Anastasia aceita voto em Dilma e abre dissidência no PSDB

Pedro do Coutto

Ao participar de uma sabatina terça-feira, na Folha de São Paulo, o governador Antônio Anastasia, ao afirmar que aceita como legítimo o voto dilmasia (Dilma para presidente, ele para governador), na realidade abriu uma dissidência no PSDB mineiro, liberado por Aécio Neves, e cujo compromisso no plano federal é (ou era?) com a candidatura José Serra. Se o compromisso continuar, estará enfraquecido. Se não persistir, será uma verdadeira bomba no quadro da sucessão presidencial. Pois em política apoios têm que ser totais e aparentemente incondicionais. Qualquer vacilação ou dualidade representa não só a ruptura tácita, como, o que é ainda mais essencial, uma transferência de votos. Participaram da sabatina, que incluiu também o portal UOL, os jornalistas Júlio Veríssimo, Paulo Peixoto, Valdo Cruz e Vinícius Mota. A matéria foi publicada na edição de 11 de agosto, Dia do Advogado.

Com base nas duas pesquisas mais recentes, a do Datafolha e a do Ibope, Anastasia vem bem atrás de Hélio Costa. Mas o fato é que ele tem o apoio total do ex-governador Aécio Neves, de quem foi vice e de quem recebeu o Palácio da Liberdade, já que Aécio saiu em abril para disputar o Senado nas urnas de outubro. Ele não jogaria um lance de dados como esse sem que obtivesse a concordância ou até mesmo o incentivo prévio do ex-governador. Pelo Ibope, Hélio Costa mantém uma frente de 39 a 21 pontos. Em relação à pesquisa do Datafolha que antecedeu, Hélio Costa recuou 5% a Anastasia avançou outros tantos. Para presidente da República, em Minas, pelo Ibope, Dilma tem 35 contra 32 pontos de Serra. Uma dissidência em terras mineira é importantíssima, já que o estado é o segundo colégio eleitoral do país. E não é só. Refletirá em todo panorama político nacional.

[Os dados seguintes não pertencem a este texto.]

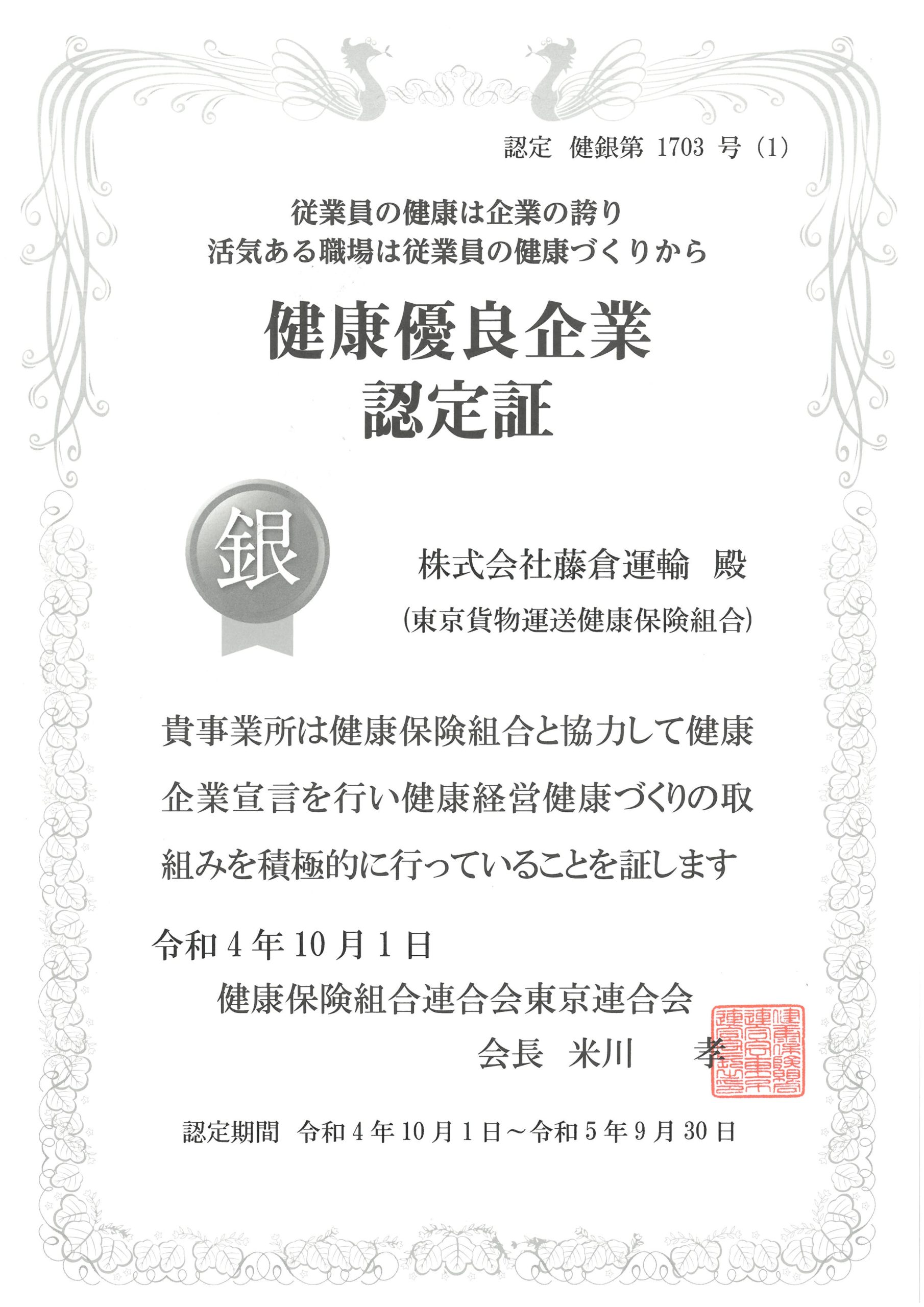 株式会社藤倉運輸は、健康保険組合連合会東京連合会より、健康企業宣言を行い健康経営健康づくりの取り組みを積極的に行っている企業として、令和3年9月1日付けで健康優良企業に認定され「銀の認定」を更新致しました。

Uma onda pode desencadear outra. Um elo se liga a outro e pode ensejar a formação de uma corrente. Antônio Anastasia, lutando pelo seu fortalecimento, enfraqueceu a posição do ex-governador paulista. Basta acentuar que na sabatina-entrevista à Folha de São Paulo, o chefe do executivo mineiro não tocou uma vez sequer no nome de Serra. Além disso, pouco antes de recorrer ao neologismo, tomou a iniciativa de condenar, antes que alguém o fizesse, uma possível investida dos tucanos contra Rousseff, com base em seu passado de luta armada contra o regime ditatorial de 64. Isso não interessa a pessoa alguma – frisou, acrescentando não ter sentido retornar a um passado do qual poucos se recordam. Foi nesse momento da sabatina que disparou o foguete dilmasia.

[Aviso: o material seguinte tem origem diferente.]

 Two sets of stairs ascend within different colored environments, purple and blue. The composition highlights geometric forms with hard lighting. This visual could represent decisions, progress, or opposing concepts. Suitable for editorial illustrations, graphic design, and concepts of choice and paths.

Não tenho idéia sobre a posição do ex-presidente Itamar Franco em relação à hipótese, já que o segundo colocado nas pesquisas para senador, treze pontos à frente do terceiro, Fernando Pimentel, está com José Serra. Aécio, que lidera disparado o páreo, atingindo 70 por cento das intenções de voto, tenho minhas dúvidas. São, creio, razoáveis. Sendo um dos dois primeiros nomes do PSDB no país, Aécio Neves não aceitou ser vice de Serra e não tem lá muitos motivos para desejar sua vitória. Ao contrário. Uma eleição de José Serra seria seu afastamento do quadro de sucessão presidencial por oito anos. Sim. Porque o ex-governador paulista tentaria a reeleição em 2014. E o outro quadro sucessório somente ocorrerá em 2018.

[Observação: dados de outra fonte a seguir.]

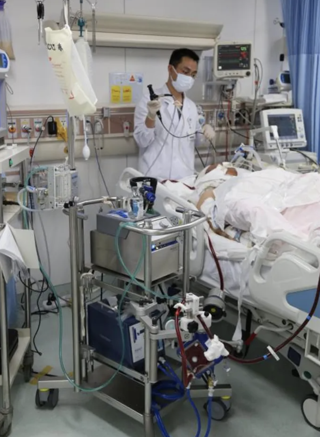 「到达武汉后,我们很快建立了临时病房,组建了一个有10张床左右的ICU病房,医疗组分为『红绿蓝』三组,谁带哪一组?如何交接?很快就排好了班,秩序井然……我们从北京带来了包括ECMO在内的所有设备,甚至连针头都带上了,因为想在当地找这些装置,几乎不大可能马上得到。」

Para Aécio, no fundo da questão, é preferível aguardar quatro anos como senador do que ter de esperar um espaço de oito ano. Se em quatro anos, acontece muita coisa, que dirá no dobro do tempo? Política se faz a curto, ou no máximo, a médio prazo. A longo prazo, jamais. A longo prazo, o binóculo do destino perde seu foco. Política é assim. A própria vida humana também.